=== Problem statement ===
Print the lines in the listing below that fall between the line with "گیمبال مدل F6" and the line with "Specificatii tehnice Baterie", those two lines included, exactly as they stand and with nothing else.

=== Given records ===
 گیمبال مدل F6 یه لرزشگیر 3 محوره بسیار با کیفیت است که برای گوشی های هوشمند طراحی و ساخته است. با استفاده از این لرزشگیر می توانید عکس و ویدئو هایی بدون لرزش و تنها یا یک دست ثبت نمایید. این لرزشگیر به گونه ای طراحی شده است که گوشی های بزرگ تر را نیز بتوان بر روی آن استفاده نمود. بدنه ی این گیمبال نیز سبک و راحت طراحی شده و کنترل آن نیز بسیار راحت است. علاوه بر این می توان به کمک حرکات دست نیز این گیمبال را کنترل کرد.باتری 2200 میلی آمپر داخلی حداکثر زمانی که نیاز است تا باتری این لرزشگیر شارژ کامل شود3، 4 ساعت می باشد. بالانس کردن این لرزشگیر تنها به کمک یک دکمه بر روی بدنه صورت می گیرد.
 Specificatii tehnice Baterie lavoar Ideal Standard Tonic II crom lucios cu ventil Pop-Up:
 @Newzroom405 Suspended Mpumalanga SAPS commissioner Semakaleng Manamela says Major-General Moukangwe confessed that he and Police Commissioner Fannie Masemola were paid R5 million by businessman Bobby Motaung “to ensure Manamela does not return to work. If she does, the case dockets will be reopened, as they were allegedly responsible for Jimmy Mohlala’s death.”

...

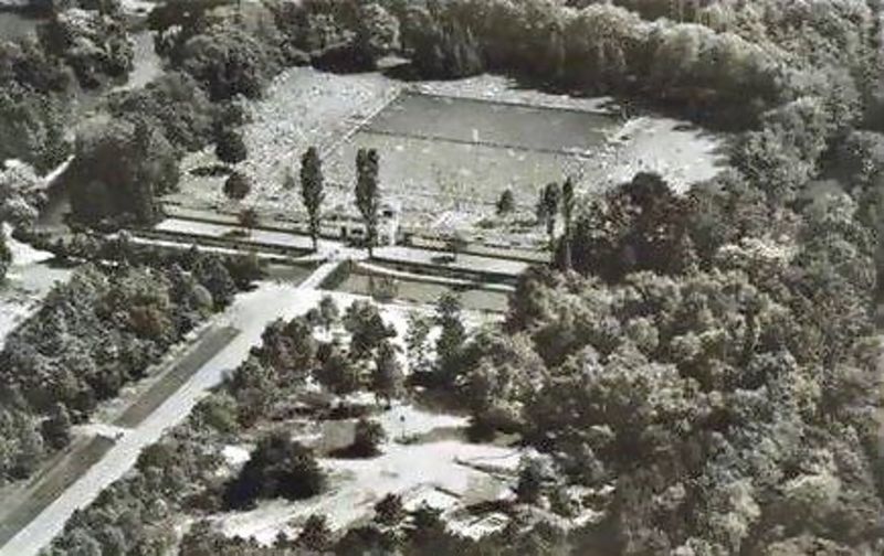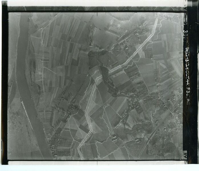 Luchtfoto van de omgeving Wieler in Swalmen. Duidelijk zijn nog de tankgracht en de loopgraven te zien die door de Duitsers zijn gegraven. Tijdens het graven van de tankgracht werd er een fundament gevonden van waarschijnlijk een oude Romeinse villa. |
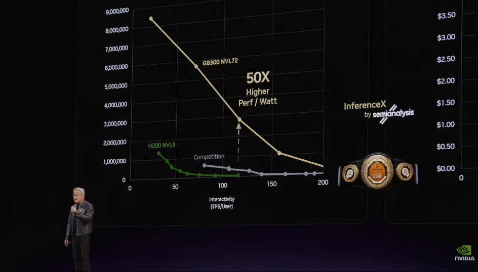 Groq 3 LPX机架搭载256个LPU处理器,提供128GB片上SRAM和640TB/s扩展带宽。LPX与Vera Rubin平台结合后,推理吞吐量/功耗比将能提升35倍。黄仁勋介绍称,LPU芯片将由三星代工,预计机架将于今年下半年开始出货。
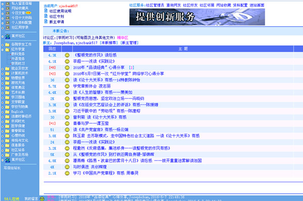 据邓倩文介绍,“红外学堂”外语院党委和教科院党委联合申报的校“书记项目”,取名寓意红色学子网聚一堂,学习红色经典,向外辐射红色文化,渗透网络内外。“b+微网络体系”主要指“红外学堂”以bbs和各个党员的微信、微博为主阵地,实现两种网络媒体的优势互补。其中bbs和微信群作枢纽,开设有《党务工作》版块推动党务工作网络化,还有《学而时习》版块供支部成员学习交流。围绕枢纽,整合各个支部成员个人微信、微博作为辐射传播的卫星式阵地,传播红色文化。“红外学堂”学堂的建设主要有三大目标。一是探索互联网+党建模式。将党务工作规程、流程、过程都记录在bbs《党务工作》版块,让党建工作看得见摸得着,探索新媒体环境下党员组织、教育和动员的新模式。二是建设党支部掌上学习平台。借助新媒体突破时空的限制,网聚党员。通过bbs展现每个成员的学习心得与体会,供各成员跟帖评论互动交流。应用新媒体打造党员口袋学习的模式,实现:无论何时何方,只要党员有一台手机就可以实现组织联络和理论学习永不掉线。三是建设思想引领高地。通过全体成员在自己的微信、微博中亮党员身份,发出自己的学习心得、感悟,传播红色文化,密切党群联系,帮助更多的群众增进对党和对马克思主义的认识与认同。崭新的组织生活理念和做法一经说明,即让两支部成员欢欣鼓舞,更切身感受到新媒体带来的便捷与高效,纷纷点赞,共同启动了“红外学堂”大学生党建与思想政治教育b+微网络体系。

=== Written answer ===
 گیمبال مدل F6 یه لرزشگیر 3 محوره بسیار با کیفیت است که برای گوشی های هوشمند طراحی و ساخته است. با استفاده از این لرزشگیر می توانید عکس و ویدئو هایی بدون لرزش و تنها یا یک دست ثبت نمایید. این لرزشگیر به گونه ای طراحی شده است که گوشی های بزرگ تر را نیز بتوان بر روی آن استفاده نمود. بدنه ی این گیمبال نیز سبک و راحت طراحی شده و کنترل آن نیز بسیار راحت است. علاوه بر این می توان به کمک حرکات دست نیز این گیمبال را کنترل کرد.باتری 2200 میلی آمپر داخلی حداکثر زمانی که نیاز است تا باتری این لرزشگیر شارژ کامل شود3، 4 ساعت می باشد. بالانس کردن این لرزشگیر تنها به کمک یک دکمه بر روی بدنه صورت می گیرد.
 Specificatii tehnice Baterie lavoar Ideal Standard Tonic II crom lucios cu ventil Pop-Up:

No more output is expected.